*** DATASET EXCERPTS Section Begins ***

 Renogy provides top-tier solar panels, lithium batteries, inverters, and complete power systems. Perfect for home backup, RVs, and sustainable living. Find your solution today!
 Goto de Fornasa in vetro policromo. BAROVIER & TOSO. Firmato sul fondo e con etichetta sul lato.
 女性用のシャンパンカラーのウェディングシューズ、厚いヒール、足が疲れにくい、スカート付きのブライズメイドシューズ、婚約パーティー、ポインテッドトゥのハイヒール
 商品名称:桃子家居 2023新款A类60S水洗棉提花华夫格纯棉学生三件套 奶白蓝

*** DATASET EXCERPTS Section Ends ***
*** DATASET EXCERPTS Section Begins ***

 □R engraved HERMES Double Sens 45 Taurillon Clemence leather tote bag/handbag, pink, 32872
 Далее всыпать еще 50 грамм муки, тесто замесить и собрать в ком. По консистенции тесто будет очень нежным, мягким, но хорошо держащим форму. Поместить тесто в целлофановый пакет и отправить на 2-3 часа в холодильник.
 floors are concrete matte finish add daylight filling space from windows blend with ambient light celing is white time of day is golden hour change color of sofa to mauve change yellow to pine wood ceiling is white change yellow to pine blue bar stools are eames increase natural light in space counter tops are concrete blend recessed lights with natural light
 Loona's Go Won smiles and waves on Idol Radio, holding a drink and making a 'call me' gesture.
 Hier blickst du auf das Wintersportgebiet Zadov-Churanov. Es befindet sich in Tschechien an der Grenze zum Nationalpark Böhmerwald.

*** DATASET EXCERPTS Section Ends ***
*** DATASET EXCERPTS Section Begins ***

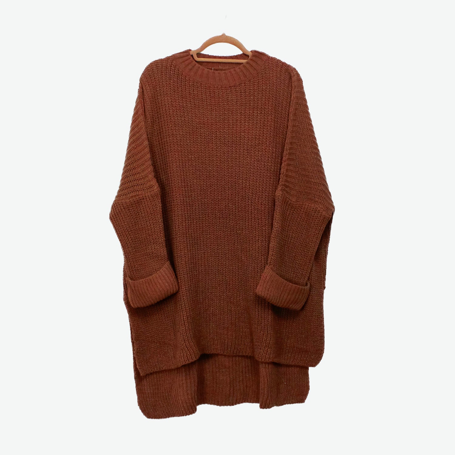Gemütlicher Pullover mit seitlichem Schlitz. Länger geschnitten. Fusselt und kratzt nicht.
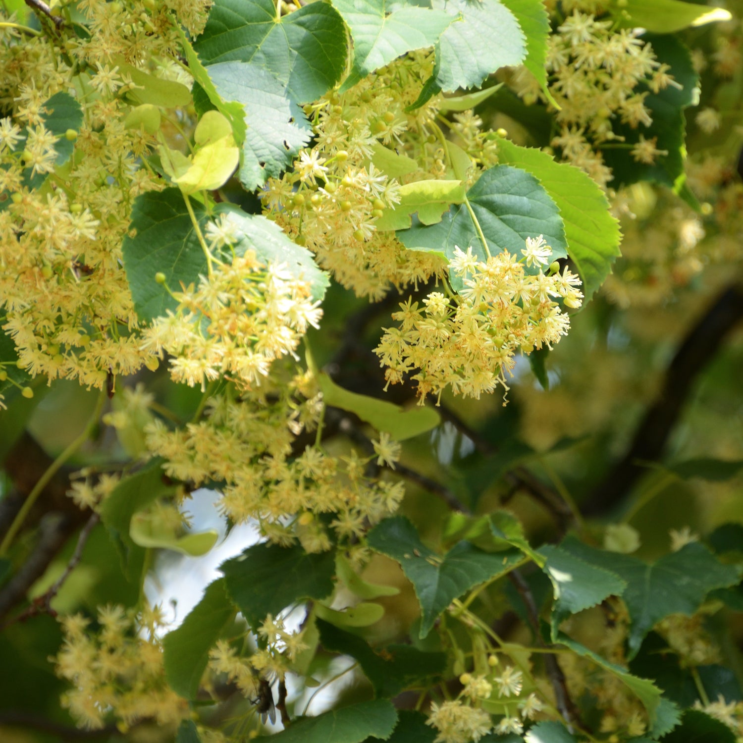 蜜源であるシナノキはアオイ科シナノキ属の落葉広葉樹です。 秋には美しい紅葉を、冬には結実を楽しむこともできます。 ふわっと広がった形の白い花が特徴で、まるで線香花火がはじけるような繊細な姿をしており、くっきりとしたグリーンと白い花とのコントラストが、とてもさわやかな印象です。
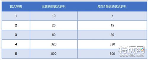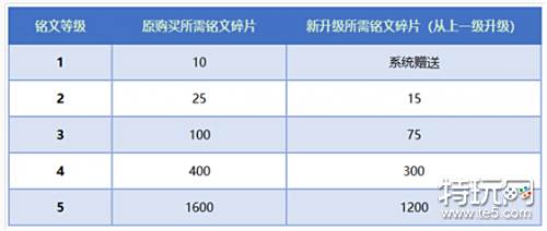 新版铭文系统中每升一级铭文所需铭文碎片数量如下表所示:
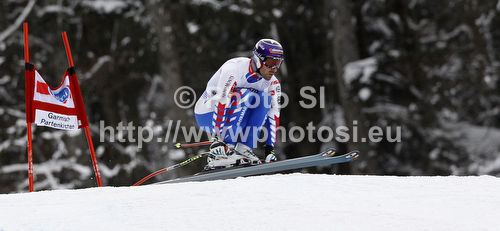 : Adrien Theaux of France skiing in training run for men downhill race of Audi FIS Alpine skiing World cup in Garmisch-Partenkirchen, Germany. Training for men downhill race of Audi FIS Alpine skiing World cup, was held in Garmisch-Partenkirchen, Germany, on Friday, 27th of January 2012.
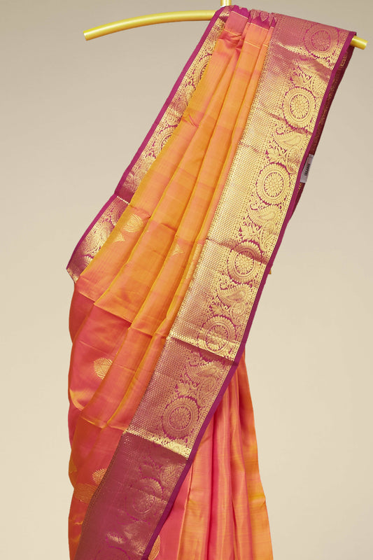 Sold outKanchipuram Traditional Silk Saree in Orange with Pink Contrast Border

*** DATASET EXCERPTS Section Ends ***

§ ASSIGNED TASK: Reproduce verbatim only the segment of the listing bounded by the line containing "Renogy provides top-tier" and the line containing "商品名称:桃子家居 2023新款A类60S水洗棉提花华夫格纯棉学生三件套 奶白蓝", with both boundary lines included.

§ COMPLETED EXERCISE:
 Renogy provides top-tier solar panels, lithium batteries, inverters, and complete power systems. Perfect for home backup, RVs, and sustainable living. Find your solution today!
 Goto de Fornasa in vetro policromo. BAROVIER & TOSO. Firmato sul fondo e con etichetta sul lato.
 女性用のシャンパンカラーのウェディングシューズ、厚いヒール、足が疲れにくい、スカート付きのブライズメイドシューズ、婚約パーティー、ポインテッドトゥのハイヒール
 商品名称:桃子家居 2023新款A类60S水洗棉提花华夫格纯棉学生三件套 奶白蓝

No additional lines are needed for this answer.